For decades, this incentive has helped thousands of South Carolinians afford rooftop solar systems. It’s been a win-win: Homeowners cut their energy bills, and solar companies expand operations, hiring local workers to meet the growing demand.

But the so-called “One Big Beautiful” budget bill — which the president wants on his desk by July 4 — aims to eliminate the 25D credit within months.

This would be a catastrophic blow to South Carolina’s rooftop solar industry — and to our ability to meet future energy demands affordably and reliably.

The timing couldn’t be worse. Rooftop solar is an important energy generation source that can be scaled up quickly.

That speed is critical as our state grapples with rising electricity demand, aging grid infrastructure, and the growing costs of fossil fuels.

And the potential doesn’t stop at homes.

South Carolina is rich in industrial and commercial rooftop space — warehouses, factories, and retail stores with untapped solar potential. Ending the 25D credit would slam the brakes on this opportunity just as momentum is building.

The broader economic impact is no less troubling.

A new analysis from the Solar Energy Industries Association (SEIA) warns that gutting these tax credits could cause an immediate drop in solar and storage investments across the U.S.

By 2030, as much as $220 billion in investment could be lost. This doesn’t just impact solar panel installers, but also manufacturers, electricians, engineers, and logistics providers who all contribute to this growing clean energy economy.

And as Republicans in the Senate thrash out the details, the policy uncertainty is already having repercussions. More than $9 billion in investments have already been canceled or stalled in 2025, according to E2. Republican districts have been hit the hardest.

In South Carolina, we’ve already seen what federal clean energy incentives can do.

Since the passage of the 2022 Inflation Reduction Act, our state has secured more than $15 billion in clean energy investment — second only to North Carolina. Projects from companies like Scout Motors and Redwood Materials are bringing thousands of new jobs to the Palmetto State.

Unfortunately, many of the same South Carolina lawmakers whose districts are benefiting from this boom have succumbed to partisan pressure to phase out the very credits spurring the investment. That includes the 25D credit, along with key incentives for solar leases and solar manufacturing.

This isn’t just bad politics — it’s an economic misfire.

Removing the 25D credit means fewer homeowners can afford solar, fewer installers stay in business, and fewer South Carolinians get hired. It also makes our grid more vulnerable and our energy prices more volatile.

Meanwhile, state-level actions like the so-called South Carolina Energy Security Act, which was signed into law in May, are poised to make things worse by allowing utilities to raise rates annually.

Repealing existing federal clean energy tax credits and funding programs would increase average annual household energy costs in South Carolina (including electricity and fuel expenses) by nearly $50 per year in 2030 and nearly $270 per year in 2035 (Energy Innovation Policy & Technology).

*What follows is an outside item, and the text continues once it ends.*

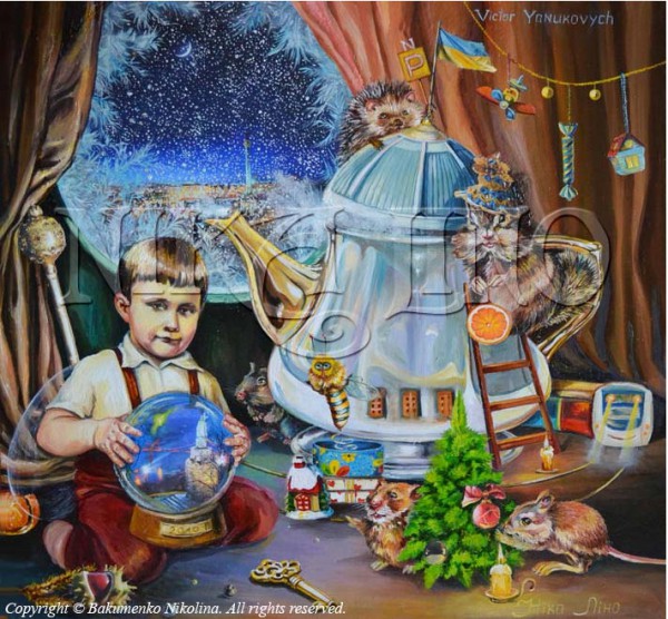 Хрен бы с ним, с Януковичем. Но у него за спиной - амператорский скипетр. Слишком печально и в точку. Да и это ладно. Беспокоит другое: что символизирует ёжик (!) на куполе Верховной Рады, которая в свою очередь, изображена в виде чайника? Это, я вам скажу, посильнее старика Сальвадора Дали!

The good news? The bill is not yet signed, sealed or delivered to the Oval Office.

Preserving the 25D credit and other clean energy incentives could add $32 billion to South Carolina’s economy over the next decade and support nearly 220,000 full-time jobs, according to a study commissioned by American Clean Power.

This isn’t a red state or blue state issue — it’s a common sense economic one.

Clean energy tax credits are delivering real results in South Carolina.

Undoing them now would undercut years of progress, threaten jobs, and raise costs for families and businesses.

Sens. Lindsey Graham and Tim Scott and their colleagues in the House have long championed South Carolina’s economic growth.

They can now help protect one of the state’s fastest-growing industries, rooftop solar, and the jobs of hardworking South Carolinians who are building our clean energy future — one rooftop at a time.

Aaron Davis is the CEO and founder of Firefly Solar, a leading solar energy company based in Piedmont, S.C. With a background in solar sales that began in California, Davis established Firefly Solar in 2016 to deliver high-quality, customer-focused solar solutions across the Southeast. Under his leadership, the company has expanded its services throughout South Carolina, North Carolina, Georgia, and Virginia.

Richard Lovegreen of Columbia is a seasoned solar industry specialist and the manager of Greentech Renewables, where he has dedicated the past 20 years to advancing energy solutions. A graduate of N..C. State University, Richard has become a respected leader in the Southeast’s renewable energy landscape. He currently serves as chair of the S.C. Solar Council, championing an all-hands-on-deck approach to the clean energy transition, with a strong focus on the power and potential of solar.